Barbarians sees first time director Charles Dorfman take on a number of different themes. The story is about two couples at an uneasy dinner party. They are outwardly friendly, but it is clear all is not right between the four. As the night progresses what seems like a simple, but tense night becomes far worse than any of the four could have imagined.
First time directors experience plenty of growing pains. In an interview with AIPT, Dorfman stated he was worried things would not go exactly as planned, but he was also willing to accept these mistakes as part of the experience. Barbarians has its issues, but nothing ruins the enjoyment of the film. On the contrary, Dorfman does a lot of interesting things in his debut. There are a number of “God’s eye view” shots that show the enormity of the world and the insignificant amount of space people take up in them, for example.
It is hard to describe Barbarians without spoiling it. It is a thriller, character study, and even has elements of folk horror. If it sounds like a lot is happening, that is because there is. Everything moves along in terse conversations as a palpable layer of tensions simmers just below the surface. This adds more suspense to the proceedings. There is no way of knowing what is going to happen at any given moment.
Many stories make the mistake of trying to do too much. While there are a number of topics addressed in Barbarians, it never feels overwhelming. Each interaction and conversation point adds to the overall story or characters. Dorfman wanted to create realistic people and relationships without walking the audience through everything. This comes across well and will draw audiences in.

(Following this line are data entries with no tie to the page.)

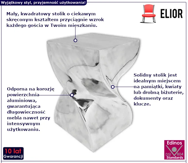 Stolik, który przyciąga uwagę niebanalnym, skręconym kształtem, idealnie wpisującym się w nowoczesne wnętrza to Umori marki Edinos Premium. Jego elegancka, srebrna powierzchnia dodaje wnętrzom świeżości i blasku, stanowiąc jednocześnie funkcjonalny element dekoracyjny. Niezależnie od tego, czy używasz go jako stolika bocznego, stojaka na rośliny, lampę czy telefon, Umori zachwyci swoją wszechstronnością i oryginalnym designem. Doskonale sprawdzi się w nowoczesnym salonie, gdzie może pełnić zarówno rolę praktyczną, jak i estetyczną. To mebel, który nie tylko ozdobi przestrzeń, ale również ją ułatwi, zapewniając miejsce na najpotrzebniejsze przedmioty. Jego kompaktowa forma sprawia, że doskonale pasuje nawet do mniejszych pomieszczeń.
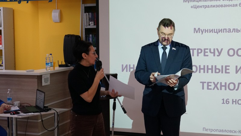 Она пожелала успешного проведения мероприятия и вручила благодарность депутату Законодательного Собрания Камчатского края Владимиру Александровичу Агееву за финансовую помощь в пополнении книжного фонда библиотеки специальными изданиям для читателей с ограниченными возможностями здоровья. Депутат принял участие в работе семинара и предложил по его результатам составить рекомендации, которые будут направлены в исполнительные и представительные органы власти регионального и муниципального уровней.
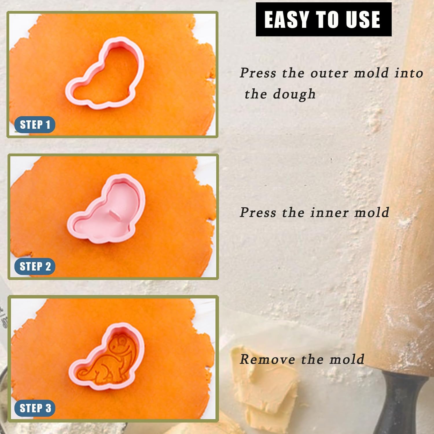 8 Pcs Dinosaur Cookie Cutters Set Baking Molds 3D Dinosaur Press type Cookie Cutter for Baking, Fondant, Cheese, and Pastries
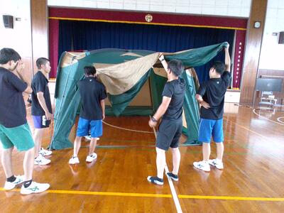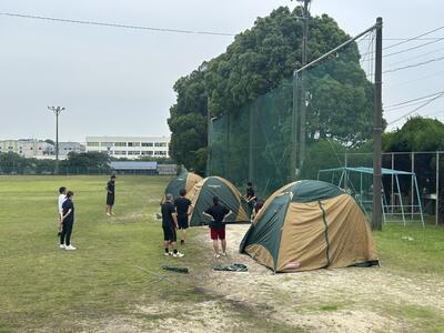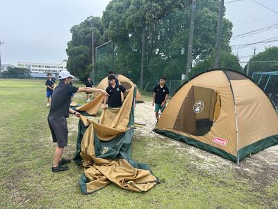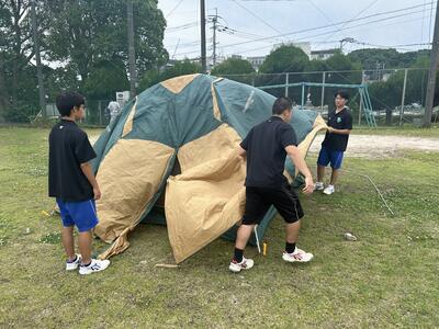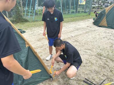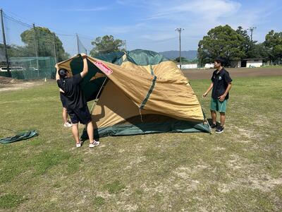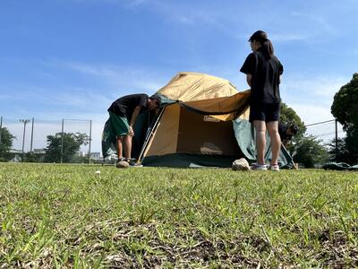 ロープワークのあとは、テント設営をグラウンドの方で行いました。
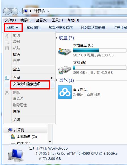 ★打開計算機,點擊“組織”—“文件夾搜索選項”
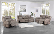 Introducing the ultimate relaxation experience - the Abilene manual reclining set, the new epitome of comfort and style. Crafted with high-quality materials, this set is built to last. A Tan leatherette cover is durable and long-lasting with overstuffed arms and headrests that provide the comfort you crave. Dimpled back and shaped seats offer superior lumbar support, ensuring you can unwind in complete comfort. Contrasting dark olive side panel accents add a touch of elegance and sophistication, making it a perfect addition to any living room or entertainment space. An easy to operate reclining mechanism gives you a smooth, effortless motion that lets you adjust your position to your preferred level of comfort. Whether you're watching a movie, reading a book, or simply relaxing, the Abilene manual reclining set provides the ultimate relaxation experience and a perfect addition to any living room or entertainment space.
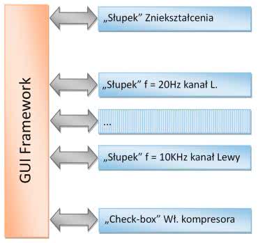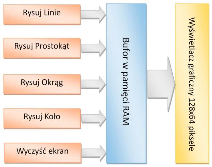 Interfejs GUI korzysta z biblioteki graficznej, również opracowanej przez autora, służącej do wyświetlania różnych kształtów na ekranie wyświetlacza. Koncepcję tej biblioteki obrazuje rysunek 10.

Dorfman acknowledges that the final act of Barbarians was a risk. It is also a testament to the strong writing. In order for the plot twist to work, anyone watching will have to be invested in the characters and the drama being presented. Things explain themselves – there is even some foreshadowing – but if the film is not engrossing, no one will stick around to see where things end up. In this case, the end result is a captivating film.